Healthcare News: CMS grants four drugs and biologicals to pass-through status
Providers will receive pass-through payment for four additional drugs and biologicals as part of the April OPPS update.
CMS granted pass through status for these four HCPCS codes:
• C9288, injection, centruroides (scorpion) immune f(ab)2 (equine), 1 vial
• C9289, injection, asparaginase erwinia chrysanthemi, 1,000 international units (IU)
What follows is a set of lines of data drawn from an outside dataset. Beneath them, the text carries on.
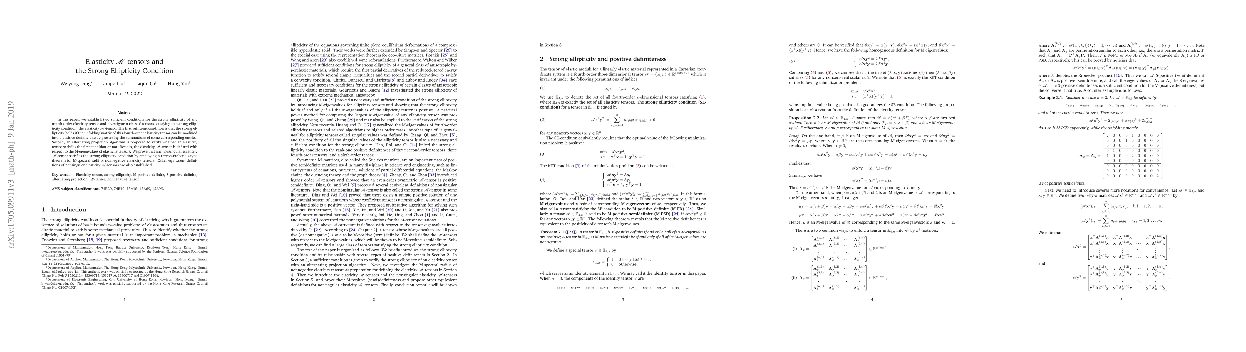 In this paper, we establish two sufficient conditions for the strong ellipticity of any fourth-order elasticity tensor and investigate a class of tensors satisfying the strong ellipticity condition, the elasticity $\mathscr{M}$-tensor. The first sufficient condition is that the strong ellipticity holds if the unfolding matrix of this fourth-order elasticity tensor can be modified into a positive definite one by preserving the summations of some corresponding entries. Second, an alternating projection algorithm is proposed to verify whether an elasticity tensor satisfies the first condition or not. Besides, the elasticity $\mathscr{M}$-tensor is defined with respect to the M-eigenvalues of elasticity tensors. We prove that any nonsingular elasticity $\mathscr{M}$-tensor satisfies the strong ellipticity condition by employing a Perron-Frobenius-type theorem for M-spectral radii of nonnegative elasticity tensors. Other equivalent definitions of nonsingular elasticity $\mathscr{M}$-tensors are also established.
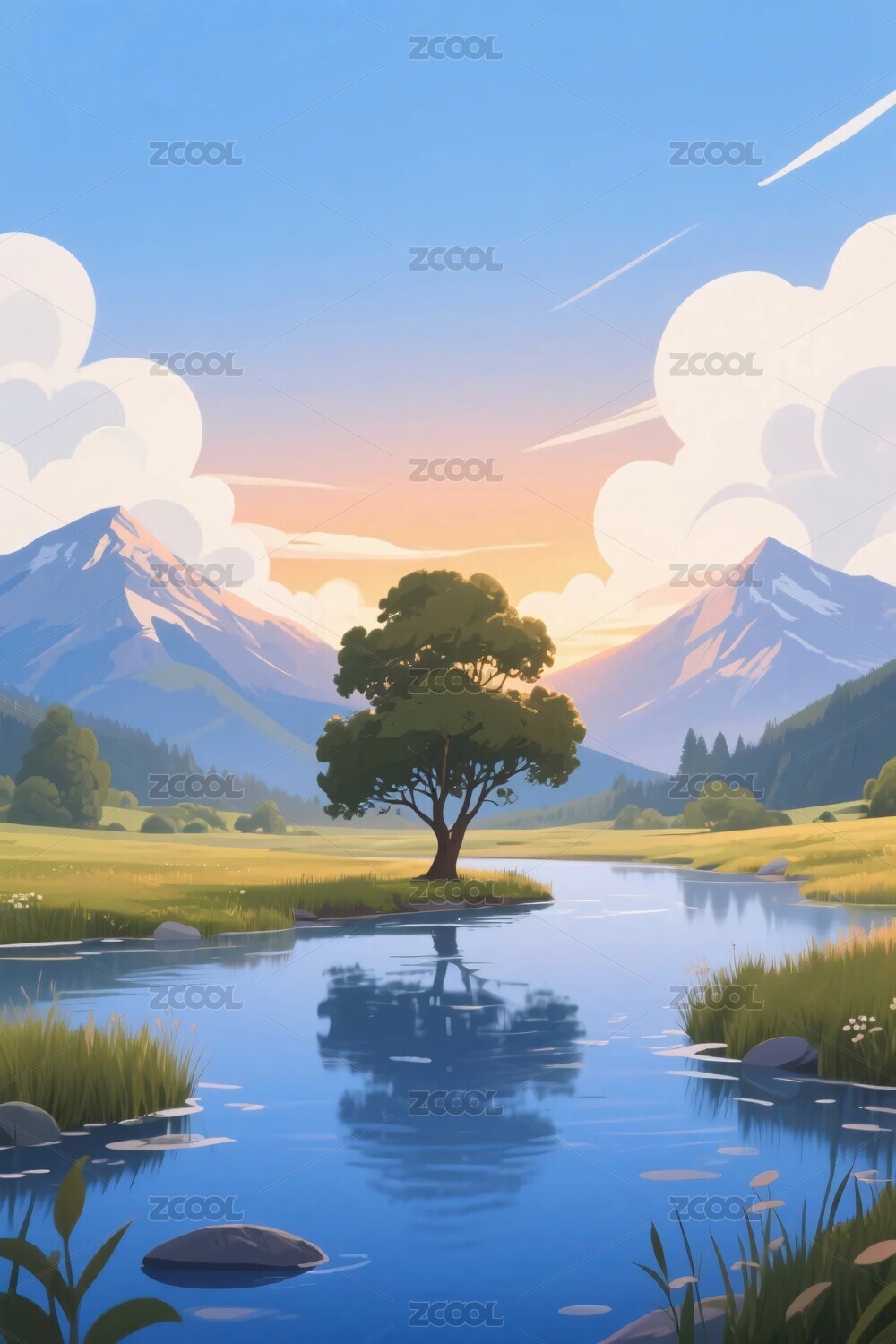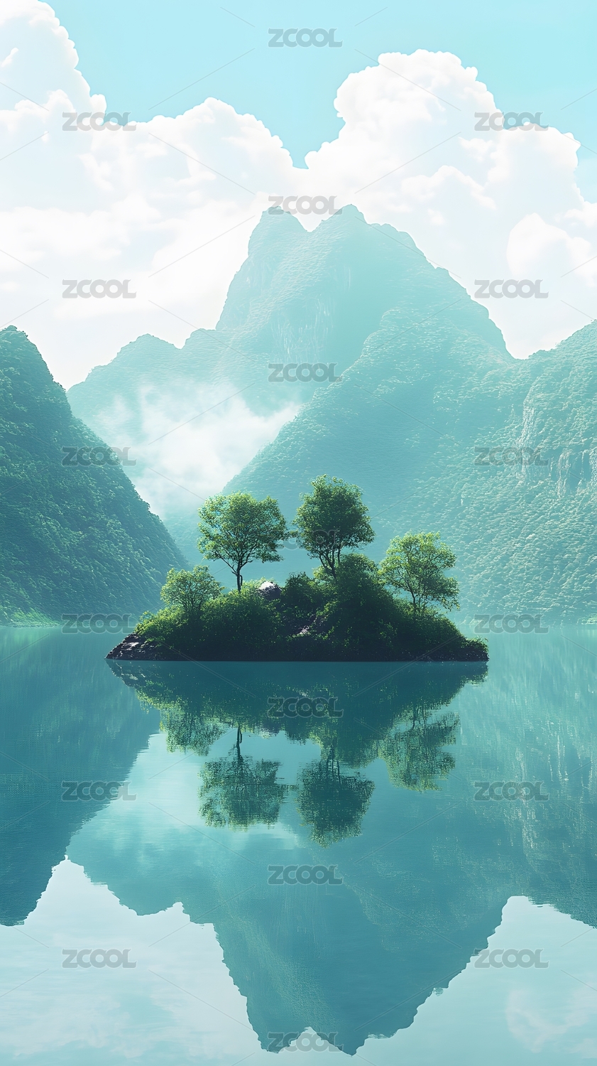 光影,绿树,倒影,晨曦,山水,莲花,日出,静修,禅意
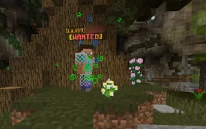 处于通缉状态的玩家有绿色的粒子效果,名称下有[WANTED]标记。
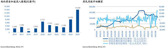 从增量资金来看,中国股市增量资金入场主要看内资再竖立,策略投资者与住户资金入市,有望成为推动中国股市行情不竭上行的主要力量;东谈主民币增值也有望蛊卦外资流入变成共振。具体来看,保障资金加速投资 A 股,竖立比例不竭提高;两融余额创下新高,阛阓交易活跃度有撑持;南向资金加速流入港股,不竭布局港股优质钞票;住户入款 “搬家” 趋势泄漏,为本钱阛阓带来长久增量资金。

• C9290, injection, bupivicaine liposome, 1 mg
• C9291, injection, aflibercept, 2 mg vial
CMS published specific instructions about reporting and reimbursement for code C9291 in MLN Matters 7784:
Eylea (aflibercept) is packaged in a sterile, 3 mL single use vial containing a 0.278 mL fill of 40 mg/mL Eylea (NDC 61755-0005-02). As approved by the Food and Drug Administration (FDA), the recommended dose for Eylea is 2 mg every 4 weeks, followed by 2 mg every 8 weeks. Payment for HCPCS code C9291 is for the entire contents of the single-use vial, which is labeled as providing a 2 mg dose of aflibercept. As indicated in 42 CFR § 414.904, CMS calculates an ASP [average sales price] payment limit based on the amount of product included in a vial or other container as reflected on the FDA-approved label, and any additional product contained in the vial or other container does not represent a cost to providers and is not incorporated into the ASP payment limit. In addition, no payment is made for amounts of product in excess of that reflected on the FDA-approved label.
CMS notes that the approved FDA dose is 2 mg and by HCPCS code description, that dosage is the lowest reportable unit. CMS further notes that this is the maximum amount of this product that may be reported and reimbursed for this single-use vial. Facilities should not report a wasted amount for any overfill that might be noted on the vial. CMS could create a medically unlikely edit for this HCPCS code.